Discussion in 'The Hokey Ass Message Board' started by flatford39, May 15, 2021.

  1. flatford39
    Joined: Dec 3, 2006
    Posts: 2,799

    flatford39
    Member

    How do you remove the entire floor in a 39 Deluxe Coupe. I have a complete donor floor that I would like to replace it with.
     
  2. patterg2003
    Joined: Sep 21, 2014
    Posts: 865

    patterg2003

    This is a link to replacing a coupe floor as Part 1 of a 3 part on modifying a 40 Ford coupe.
    https://www.hotrod.com/articles/sectioning-a-1940-ford-coupe-part-1/
    Someone on the HAMB took the floor out of a 4 door and transplanted it into a coupe. It was in the last year but I tried every combination of a search with no luck. Perhaps someone or the originator of that threat may give you a connection to that thread. The floors are the same in 39 & 40.
     
    moparboy440 likes this.
  3. mickeyc
    Joined: Jul 8, 2008
    Posts: 1,368

    mickeyc
    Member

    I did that same job on my 40 coupe. On retrospect I would have been
    better off spending time with a power buffer or sending it out for a light sandblasting. The few really rusty spots could have been changed out much
    easier and cheaper than a full floor replacement.

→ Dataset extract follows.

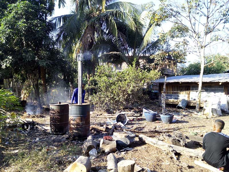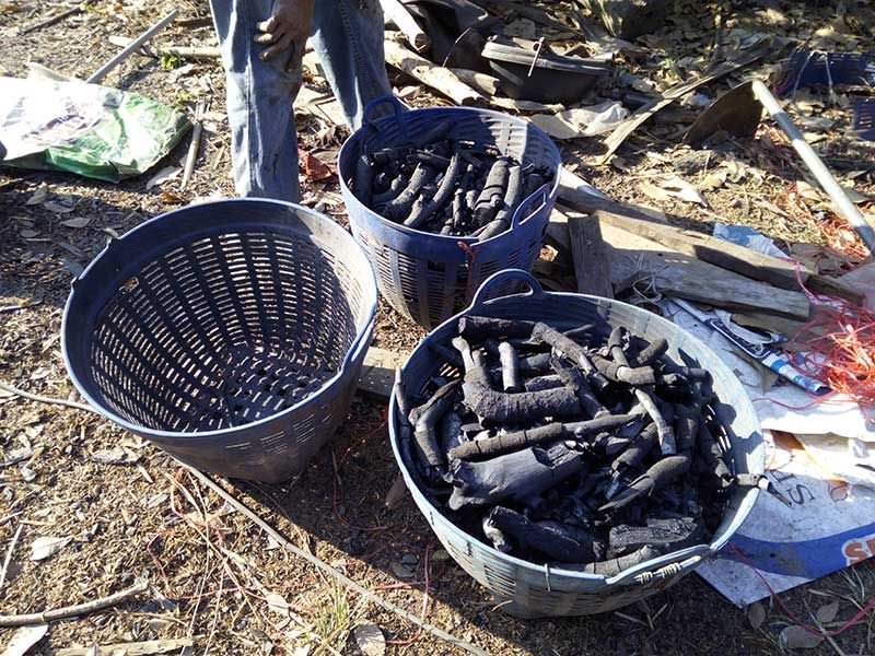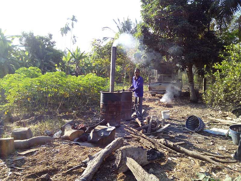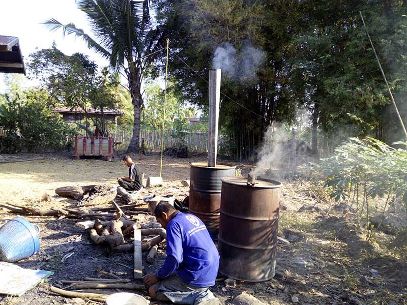 นายลำดวน ที่ดี วัย 60 ปี อยู่บ้านเลขที่ 58 ม.9 ต.เทพรักษา อ.สังขะ จ.สุรินทร์ เปิดเผยว่า ตนมีสวนยางพาราอยู่กว่า 10 ไร่ ในปีนี้ปิดหน้ายางเร็วกว่าทุกปี เนื่องจากแล้งมากทำให้ต้นยาพาราแห้งเหี่ยวใบร่วงหล่นเร็ว จำเป็นต้องหยุดกรีดยางเพื่อรักษาต้นยางและให้ต้นยางมีเวลาพักตัว 2 -3 เดือนก่อนจะลงมือกรีดอีกทีช่วงต้นพฤษภาคม ทำให้ตนเองขาดรายได้ จึงคิดค้นนำกิ่งไม้ยางพาราที่หักตกหล่นอยู่ในสวนมาเผาถ่าน ช่วงแรกๆใช้วิธีเผาแบบใช้แกลบกลบเป็นกองพูน ตนคิดว่าไม่คุ้มค่าเพราะควันเยอะจะรบกวนเพื่อนบ้านและใช้ในการเผานานเป็นสัปดาห์กว่าจะได้ถ่านแต่ละก้อน

I just urge you to be sure
    you really need to achieve a full floor change out. Now regarding the removal
    of the donor floor system. If your not concerned about keeping the donor
    body in any kind of shape for reuse I dont think bracing the body would be
    necessary. You could leave the floor to chassis bolts in place rig a lift system
    to the donor coupe. Then start looking for the many spot welds in various places. Such as the bottom of the wheel wells which have a series of spot
    welds that hold the floor to the wells. Also at the rear under the trunk
    pan there are many that hold the rear body section to the tool tray and
    such. Again a good buffing with a wire wheel should reveal the various
    spot welds that will need to be drilled out. Also where the quarter panels
    from the B Pillars to the wheel well tie in to floor bracing that runs the entire length of the body from the center of the trunk area to near the fire wall. By
    starting at the rear and care fully working your way forward with a bit
    of lift pressure on your lift system you should begin to see the body rise
    a bit as the spot weld are drilled out. the be pillar is welded to the floor
    as well as having a body bolt pass through it. If the donor body is just
    junk you could cut it away from the top and work your way down. Be aware
    that after a spot weld is drilled out a bit of a stub remains so it may need a bit of prying and with a screw driver or such a tool to let the body lift away. It
    is not really that difficult of a job to accomplish needing close attention to
    be sure all spot weld are removed. If you are methodical and take your time
    you should be able remove the body leaving the floor intact and bolted to the chassis if it is indeed sitting on a chassis. After the several floor to chassis
    bolts are removed you will have an entire floor system ready for a couple of
    fellows to pick up and carry away. By removing the donor floor first you
    will be much better informed on the removal of the floor you are wanting
    to replace. When you begin to remove the floor in the body you are repairing
    itis a whole another situation. I braced my 40 coupe body from the A pillar
    to the B pillar and also from the left to the right at the B pillar. I also
    braced the body from one side to the other near the trunk springs. I was working alone so in order to get the larger floor sections in place I built
    two hinges at the very rear of the body with some one inch pipe and 3/4
    round bar connected to the rearmost chassis crosspiece. This enabled me
    to lift the body from the firewall with a cherry picker type motor hoist
    much like a funny car body. Of course the front sheet metal and motor
    were removed at the time. With the body raised I was able to set the floor
    pieces in and out of the body and on the chassis as needed by myself. I
    did leave the doors on and latched to help maintain alignment. With proper
    bracing the doors could be removed with out it causing any problems. I was able to raise and lower the body several times during this process. Also when
    the body was in the raised position I secured it with a steel temporary column to prevent it becoming a crushing hazard should the motor hoist fail.
    There are several 39 and 40 guys here on the hamb that will probably
    steer you better in accomplishing this task. I just was passing along what
    worked for me. I did get some pretty ribald comments from a few buddies that saw the body up on its hinges like one of John Forces racers. I must
    say I rather enjoyed the whole process and am pleased with the results.
    Oh by the way I used one of the BoB Drake/ Dennis carpenter reproduction
    floor systems and they are a really quality product. I hope this is somewhat
    helpful.
     
  4. flatford39
    Joined: Dec 3, 2006
    Posts: 2,799

    flatford39
    Member

    extremely helpful.....thank you.
     

  5. PotvinV8
    Joined: Mar 30, 2009
    Posts: 419

    PotvinV8
    Member

    Here's a link to a story I did that covers the floor replacement in my '40 coupe.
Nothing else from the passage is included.